Голубой мечтой для хозяйства была стиральная машина. Та круглая, слегка ржавая бочка с мотором, в которой мы опасно мотали белье, с каждым годом все громче, все злобнее рычала и выше подпрыгивала на полу в ванной. Она напоминала старую авиационную бомбу, которая сейчас поднатужится еще немножко и пробьет-таки бетонные перекрытия дома.

По воскресеньям изумленные гости наших соседей, сглотнув варенье, интересовались, что это за разрушительный шум. Хозяева кротко отвечали:

– Соседка Тамара стирает.

Стирает? А им казалось – изгоняет дьявола.

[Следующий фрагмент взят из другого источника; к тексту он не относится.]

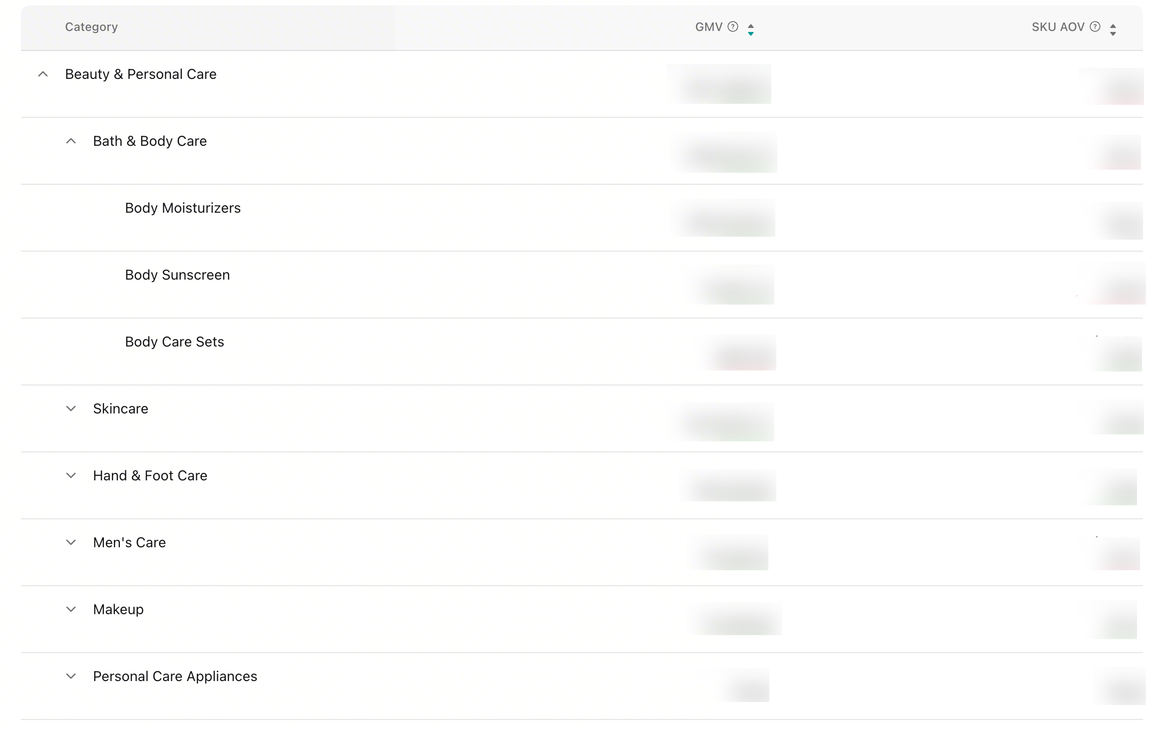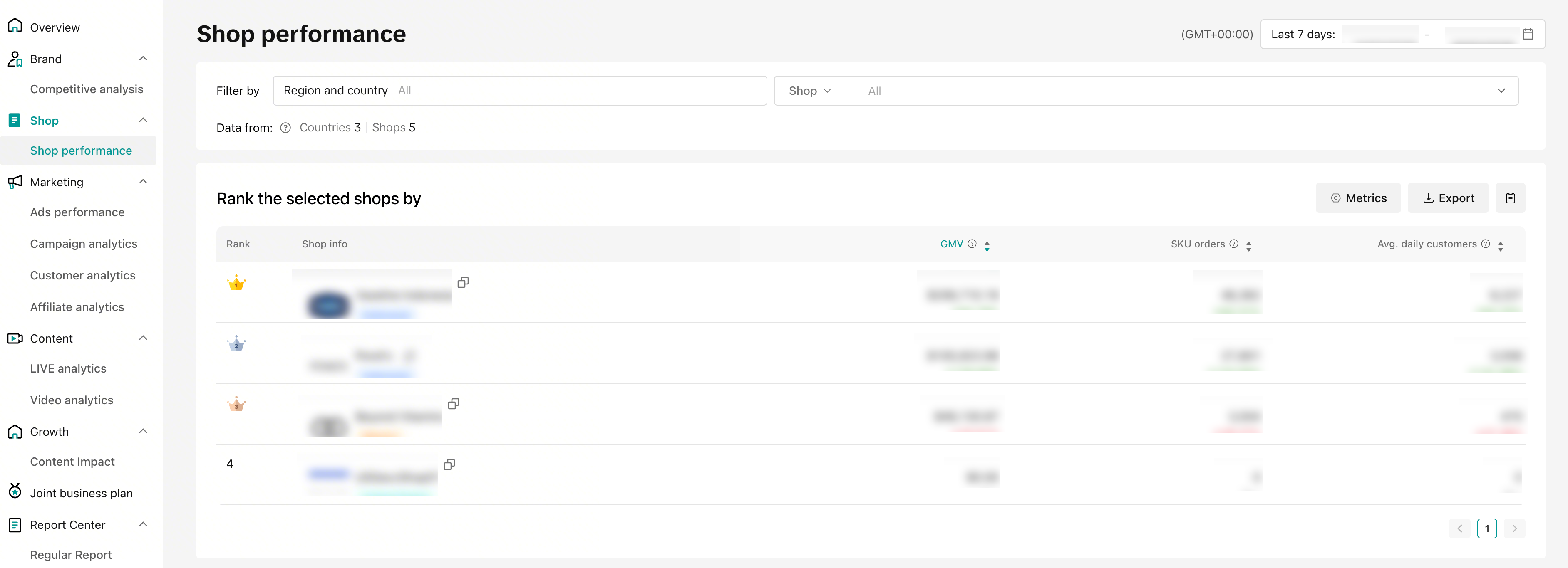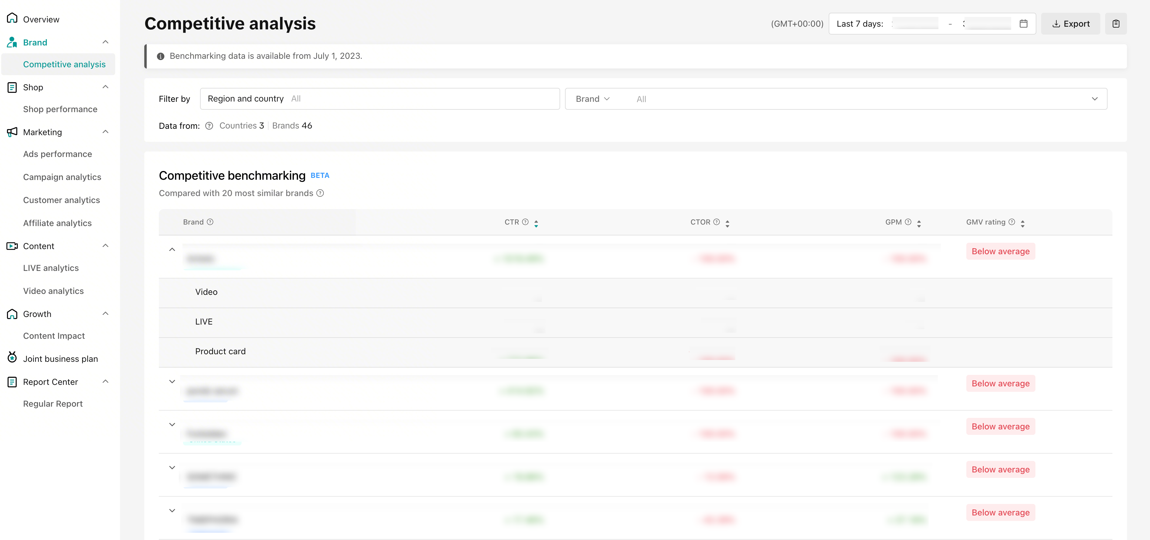 ![]() ![]() | – 在品牌层面提供四大维度与四项核心指标的对比,帮助品牌了解相较于同一市场内的20家相似品牌的表现。在以下四个维度对核心效率指标进行比较: – Video – LIVE – Product Card – Overall – 在每个维度上,Brand Portal 会计算所有相似品牌的 GMV 加权平均值,并展示该品牌与这些相似品牌之间的百分比差异。 – GMV Rating:与 20 家相似品牌进行对比,以显示该品牌的 GMV 高于平均(Above Average)、低于平均(Below Average)或与平均持平(Average)的评级结果。 – GMV per Impression (GPM):每千次观看所带来的 GMV。 – Click-To-Order Rate (CTOR (SKU order)):在所选时间段内,用户点击商品后最终下单的比例。 – Click-Through-Rate (CTR):在所选时间段内,商品被点击的总次数与曝光总次数之比。 |

Я машинку нашу немного боялась, поэтому входила в ванну, только когда та прекращала бесноваться, чтобы начать полоскать. Мы все думали: купим новую, когда эта от своих резвых прыжков развалится. Наша «поскакушка», действительно, однажды приказала долго жить. И мы стали стирать руками. Мы стирали руками целую вечность. Каждый раз полная ванна белья – это вечность.

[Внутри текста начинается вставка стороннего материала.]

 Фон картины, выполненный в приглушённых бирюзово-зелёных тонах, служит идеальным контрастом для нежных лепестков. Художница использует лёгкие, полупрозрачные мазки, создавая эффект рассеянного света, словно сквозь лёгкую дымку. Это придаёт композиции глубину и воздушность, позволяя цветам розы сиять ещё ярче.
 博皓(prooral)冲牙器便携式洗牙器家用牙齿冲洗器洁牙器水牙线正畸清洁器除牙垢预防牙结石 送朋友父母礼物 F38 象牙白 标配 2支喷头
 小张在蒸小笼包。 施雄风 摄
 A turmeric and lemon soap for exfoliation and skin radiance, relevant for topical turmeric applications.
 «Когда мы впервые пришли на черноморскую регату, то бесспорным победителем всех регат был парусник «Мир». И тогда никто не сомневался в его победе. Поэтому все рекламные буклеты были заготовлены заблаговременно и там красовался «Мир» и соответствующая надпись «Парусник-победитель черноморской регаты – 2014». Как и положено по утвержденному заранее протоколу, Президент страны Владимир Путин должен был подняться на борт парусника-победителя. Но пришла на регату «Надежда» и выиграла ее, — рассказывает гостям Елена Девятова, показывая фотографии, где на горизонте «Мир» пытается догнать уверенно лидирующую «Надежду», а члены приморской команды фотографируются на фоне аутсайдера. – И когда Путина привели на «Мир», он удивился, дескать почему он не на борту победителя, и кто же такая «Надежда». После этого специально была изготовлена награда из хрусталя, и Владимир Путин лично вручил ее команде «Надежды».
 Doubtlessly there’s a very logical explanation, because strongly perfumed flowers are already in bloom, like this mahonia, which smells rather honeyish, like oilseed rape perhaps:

Все было вечно: нужда, отсутствие ремонта в квартире, невозможность купить кому-нибудь из нас очередное пальто, долгие дороги с ведрами с дачи и на дачу, в набитом людьми, невыносимо нагретом автобусе. Навсегда запомнилось: мой маленький измученный брат спит в дороге, распластавшись на запасном колесе, и его кудрявая головка мотается по гигантскому резиновому протектору…

Эта вечность поднимала в маме отчаянные истерики. Родители ссорились. Произносили страшные слова. Ненавидели. Предавали друг друга своей ненавистью.

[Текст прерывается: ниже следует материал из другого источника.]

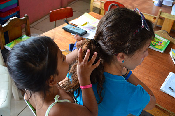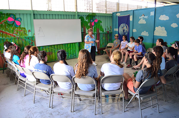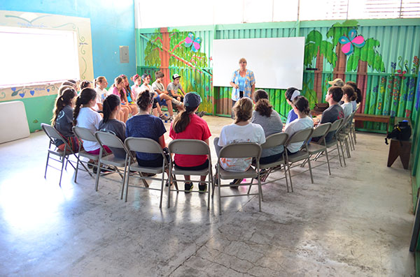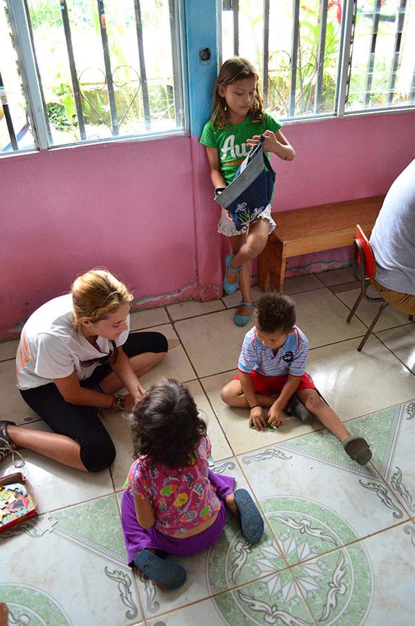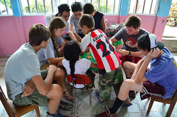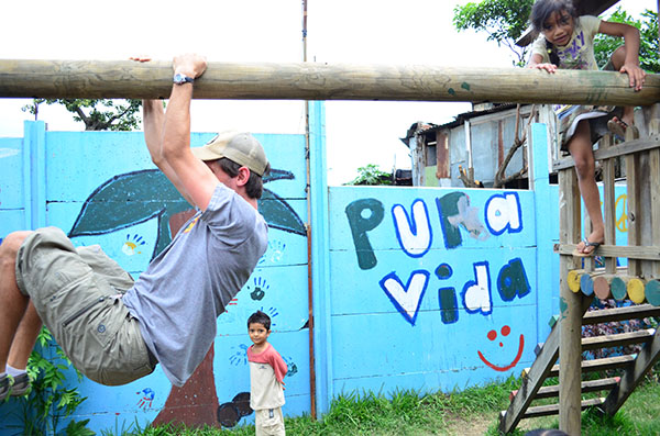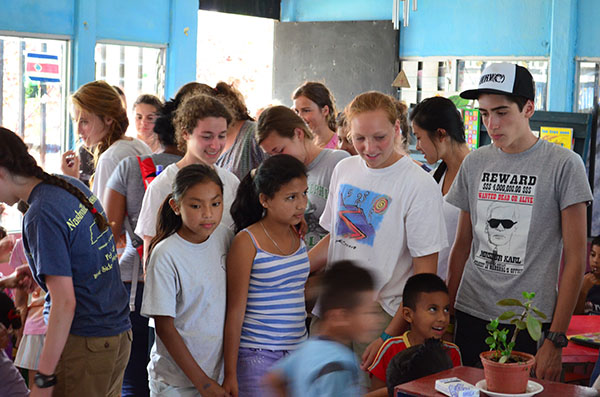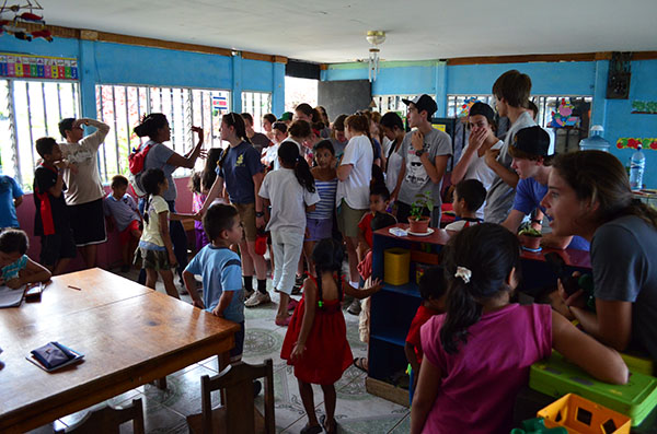 Today we went for the first time to La Carpio where we learned the history of its poverty and met the children of a school. In the school, the conditions were drastically different from everything we have experienced in Costa Rica so far. Although the buildings were run down and the river heavily polluted, the children had gigantic smiles on their faces and were ecstatic to play with us. We crossed a steep, rickety bridge that connected La Carpio to another village. At the top of the bridge, Kaity noted that the people of La Carpio have very different priorities: most of them have radios and speakers and tv but cannot even afford food. Then we went to eat lunch at La Finca. Devin made fabulous guacamole. We then went to a coffee plantation and feasted on free coffee and chocolate espresso beans. After this long day, we went to Ana’s house to meet our new homestay family, and they make a very good eat and get to know us.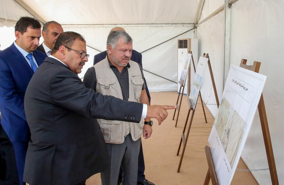 His Majesty King Abdullah II visits the horizontal bunker silos for grain storage at Ghabawi area, constructed under Royal directives to enhance food security in the Kingdom and boslter the storage capacity for strategic wheat reserves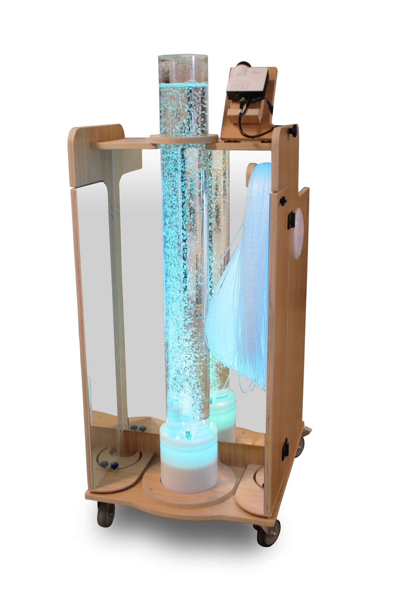 Snoezelkar Miranda is de perfecte mix van de mogelijkheden die onze SensiView en snoezelkar Sophie bieden! Via het gebruiksvriendelijke bedieningspaneel kun je uit 9 verschillende rustgevende standaardthema’s kiezen, maar ook eigen sticks kunnen via de USB-poort worden gebruikt. De beamer, versterker en ingebouwde speakers bieden een goede weergave van projectie en geluid. Doordat de beamer gemonteerd is op een rotatiestandaard, is 360 graden projectie mogelijk. Een mooie bubbelunit is omgeven door spiegels. De bubbelunit is in kleur, programma en snelheid instelbaar.

Через пару дней, остыв, она снова садились рядом в креслах, чтобы говорить о папиных пьесах, о литературе. В долгих разговорах они жили вместе жизнью духа, чтобы потом снова идти каждому своей дорогой.

А еще мы были счастливы. И часто раскрывали все четверо друг другу свои объятия. И стояли так некоторое время, дыша нежностью.

Папа редко, но очень, очень здорово шутил. Критичный ум его подмечал тонкие и точные смыслы, и он так иронично мог их передать. Мы с братом гоготали, катаясь по полу. Родительская искрящаяся река играла, забавляя солнечными зайчиками своих детей.

Тех папиных шуток я не помню. Помню нынешние, возникающие молниеносно в суете жизни. Вот готовлю дочке в школу сценарий праздника. Пишу стишок вступительный. Спрашиваю отца:

– Пап, оцени, хорошо ли:

Мы празднуем сегодня осенины,

В день погожий, веселый, грибной.

Нынче осени именины,

На столе каравай золотой!

Папа отвечает, играя из-под густой брови хитрым глазом:

– Ничего, хорошо.

Недолго раздумчиво молчит и подражает:

– А я надела черные лосины и наелась лососины…

Все, покатились хором по полу. Создание сценария остановилось минут на тридцать, потому что сразу после лосин с лососиной написать ничего нельзя.

И я не помню, чем меня тогда, детстве, так рассмешил отец. Помню только, что я бросила мокрые варежки и шапку, которые после прогулки хотела повесить на батарею, и попыталась бежать, но упала, поскользнувшись на линолеуме, и слушала уже потом только, как горячая влага заливает мои толстые, «гулянческие» штаны с начесом. Папа стонал и гукал филином в кресле, а потом стал призывать маму:

– Томочка, Томочка, да ведь она описалась!

От природы очень стеснительная, я со смеху и забыла стесняться: сняла штаны и в мокрых колготках, визжа от хохота, вытирала этими штанами лужу на полу.

Для мамы долго тянулось время папиной учебы в литературном институте. Каждые полгода папа на месяц уезжал на сессию, и она тащила семью одна, тратя на это остатки сил и здоровья.

Последнюю сессию отцу пришлось прервать: мама попала в больницу, мир все время раскачивался и опрокидывался перед ее глазами, она ходила тихо по стеночке, нащупывая реальность руками. Врачи собрались консилиумом и подозревали у нее воспаление мозга, но остановились на диагнозе «тяжелое нервное истощение». Мама тогда долго болела и никак не могла поправиться. Как поправилась, папа поехал на сессию.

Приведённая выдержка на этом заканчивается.